== What the task requires ==
No pictures belong in the copy. Retype exactly, and only, the stretch of lines below from the one with "Grâce à son" through the one with "1928, 1936 (2), 1952, 1953".

Data entries:
*** Block opens ***
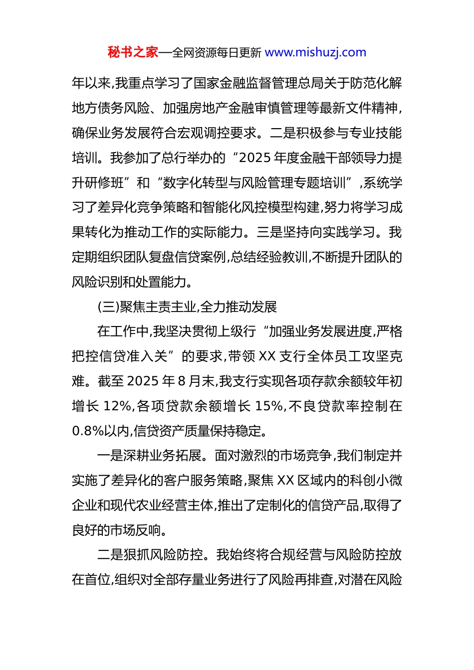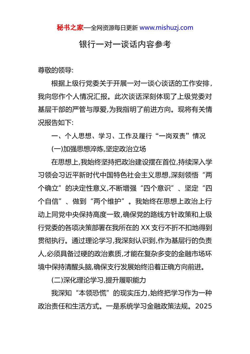 秘书之家—全网资源每日更新 www.mishuzj.com银行一对一谈话内容参考 尊敬的领导:根据上级行党委关于开展一对一谈心谈话的工作安排,我向您作个人情况汇报。此次谈话深刻体现了上级党委对基层干部的严管与厚爱,为我指明了前进方向。现将有关情况报告如下:一、个人思想、学习、工作及履行“一岗双责”情况(一)加强思想淬炼,坚定政治立场在思想上,我始终坚持把政治建设摆在首位,持续深入学习领会习近平新时代中国特色社会主义思想,深刻领悟“两个确立”的决定性意义,不断增强“四个意识”、坚定“四个自信”、做到“两个维护”。我始终在思想上政治上行动上同党中央保持高度一致,确保党的路线方针政策和上级行党委的各项决策部署在我所在的 XX 支行不折不扣地得到贯彻执行。通过理论学习,我深刻认识到,作为基层行的负责人,必须具备过硬的政治素质,才能在复杂多变的金融市场环境中保持清醒头脑,确保支行发展始终沿着正确方向前进。(二)深化理论学习,提升履职能力我深知“本领恐慌”的现实压力,始终把学习作为一种政治责任和生活方式。一是系统学习金融政策法规。2025秘书之家—全网资源每日更新 www.mishuzj.com年以来,我重点学习了国家金融监督管理总局关于防范化解地方债务风险、加强房地产金融审慎管理等最新文件精神,确保业务发展符合宏观调控要求。二是积极参与专业技能培训。我参加了总行举办的“2025 年度金融干部领导力提升研修班”和“数字化转型与风险管理专题培训”,系统学习了差异化竞争策略和智能化风控模型构建,努力将学习成果转化为推动工作的实际能力。三是坚持向实践学习。我定期组织团队复盘信贷案例,总结经验教训,不断提升团队的风险识别和处置能力。(三)聚焦主责主业,全力推动发展在工作中,我坚决贯彻上级行“加强业务发展进度,严格把控信贷准入关”的要求,带领 XX 支行全体员工攻坚克难。截至 2025 年 8 月末,我支行实现各项存款余额较年初增长 12%,各项贷款余额增长 15%,不良贷款率控制在0.8%以内,信贷资产质量保持稳定。一是深耕业务拓展。面对激烈的市场竞争,我们制定并实施了差异化的客户服务策略,聚焦 XX 区域内的科创小微企业和现代农业经营主体,推出了定制化的信贷产品,取得了良好的市场反响。二是狠抓风险防控。我始终将合规经营与风险防控放在首位,组织对全部存量业务进行了风险再排查,对潜在风险秘书之家—全网资源每日更新 www.mishuzj.com点逐一建立台账,明确化解措施与时限。在信贷审批中,我坚持原则,严格执行授信标准,确保每一笔贷款都经得起检验。三是注重团队建设。按照您提出的“关注员工成长,搭建良好的职业发展平台”的要求,我行建立了“导师制”新员工培养计划,并为骨干员工规划了清晰的职业发展路径,有效激发了团队的积极性与创造力。(四)严格履行“一岗双责”,抓好党风廉政建设我始终牢记自己作为支行负责人的双重责任,坚持业务工作与党风廉政建设同谋划、同部署、同落实。我定期主持召开支部的专题会议,组织学习党纪法规和金融领域违纪违法典型案例,以案为鉴,教育引导全体员工作知敬畏、存戒惧、守底线。同时,我将廉洁从业要求融入业务流程,在信贷审批、财务报销等关键环节加强监督,确保权力在阳光下运行,营造了风清气正的干事创业氛围。二、个人廉洁自律与接受监督情况(一)对正确履职用权、自觉接受监督的认识和态度我深刻认识到,岗位所赋予的权力来自于党和人民,只能用来为公众服务、为银行发展尽责,绝不能异化为谋取私利的工具。因此,我始终对权力怀有敬畏之心,坚持依法用权、秉公用权、廉洁用权。我将监督视为最好的保护、最真诚的爱护,主动将自己的工作和生活置于组织和群众的监督之秘书之家—全网资源每日更新 www.mishuzj.com下,习惯在受监督和约束的环境中工作生活。无论是来自上级纪委的监督检查,还是班子成员间的相互监督、普通员工的日常监督,我都诚恳接受、积极配合,有则改之、无则加勉。(二)贯彻落实中央八项规定精神及遵守廉洁自律规定情况我始终把落实中央八项规定精神作为一项严肃的政治任务,带头严格执行。在公务接待、差旅报销等方面,我均按最低标准执行,从未超标。我坚决抵制任何形式的“人情往来”...
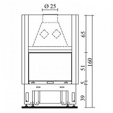 Корпус каминной топки выполнен из жаропрочной стали, колосники и патрубки из чугуна.
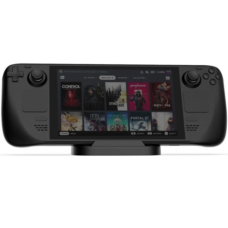 Grâce à son design épuré et harmonieux, il s’intègre parfaitement à l’esthétique du Steam Deck tout en mettant en valeur l'appareil lorsqu'il est posé dessus. Que ce soit pour jouer, regarder des contenus ou simplement ranger votre console, ce support offre une solution pratique et élégante.
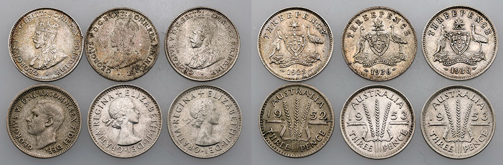 1928, 1936 (2), 1952, 1953 (2). (6 coins total).
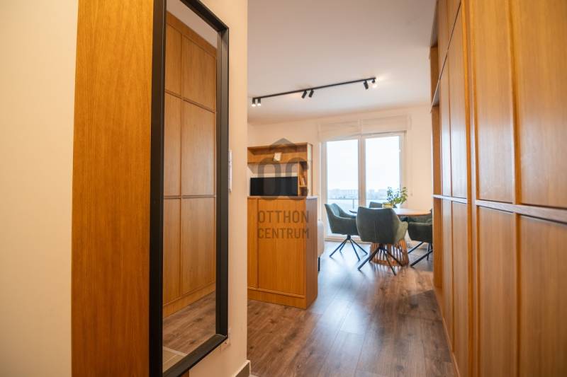 Képzelje el, ahogy minden reggelét napfénnyel és panorámával indítja, egy olyan otthonban, ahol a modern kor minden kényelme és az időtlen elegancia kéz a kézben jár. Ez nem csupán egy lakás, hanem egy életstílus ígérete, egy otthon, amely készen áll az Ön és családja befogadására.Eladó egy újszerű, 2023-ban átadott, prémium minőségű ingatlan Budapest egyik legdinamikusabban fejlődő részén, a 11. kerületben, Kelenföld szívében.Főbb jellemzői: teljesen berendezve, elegancia, kényelem, panoráma, 2 db teremgarázs beálló.Miért ez az otthon a tökéletes választás?•Ahol a fény otthonra talál: A kitűnő délnyugati tájolásnak köszönhetően a lakás rendkívül világos. A napfény körbejárja a tereket, a két nagyméretű (8 és 7 nm-es) teraszról pedig zavartalan panorámában gyönyörködhet, kortyolgatva a reggeli kávéját.•A beköltözés élménye: Felejtse el a költözéssel és bútorozással járó stresszt! Az ingatlan teljes berendezéssel – a legapróbb kiegészítőktől a gépesítésig – eladó. Csak a bőröndjét kell hoznia, és máris kezdődhet az új élet 2026. január 1-től.•Prémium minőség minden részletben: Az igényesség nem ismer kompromisszumot. A konyhában egyedileg legyártott, tölgyfa furnér konyhabútor és elegáns kerámia pult várja a kulináris élményeket.•Terek az egész családnak: A kiváló beosztású, nappali + 3 hálószobás elrendezés ideális életteret biztosít akár egy 4 tagú család számára is, ahol mindenkinek megvan a saját privát szférája. Duplakomfort, WC a fürdőszobában és külön helyIségben is.•Lokáció, ami összeköt: Kelenföld legjobb közlekedési adottságai vannak. Néhány perces sétára található a Bikás parki metróállomás (M4), a Kelenföld Vasútállomás, Autóbusz-állomás, és számos villamosjárat (1, 47, 49). Innen a város bármely pontja pillanatok alatt elérhető.Praktikus információk:*A 7. emeleti, akadálymentesen megközelíthető lakás egy rendezett, liftes társasházban található. *Helyiségenként külön szabályozható a hőmérséklet, mennyezeti fűtés/hűtés működik a ház hőszivattyú rendszeréről.*Távirányítóval vezérelhető elektromos redőnyök vannak minden külső nyílászárón.*A közös költség mindössze 30.000,- Ft/hó, amely tartalmazza a felújítási alapot, szemétszállítást, takarítást és a lift karbantartását. Minden közmű egyedi mérésű, a fogyasztás alapján fizetendő.*A ház teremgarázsában lehetőség van 2 db autóbeálló megvásárlására is, egyenként 11 M Ft áron, ahonnan lifttel közvetlenül a lakás szintjére érkezhet.Ne maradjon le erről a kivételes lehetőségről!Keressen minket bizalommal a megadott telefonszámon időpont-egyeztetés céljából, és tekintse meg személyesen leendő otthonát! Bankfüggetlen hiteltanácsadóink készséggel állnak rendelkezésére a legkedvezőbb finanszírozási lehetőségekkel kapcsolatban.
*** Block closes ***
== Answer to the problem ==
 Grâce à son design épuré et harmonieux, il s’intègre parfaitement à l’esthétique du Steam Deck tout en mettant en valeur l'appareil lorsqu'il est posé dessus. Que ce soit pour jouer, regarder des contenus ou simplement ranger votre console, ce support offre une solution pratique et élégante.
 1928, 1936 (2), 1952, 1953 (2). (6 coins total).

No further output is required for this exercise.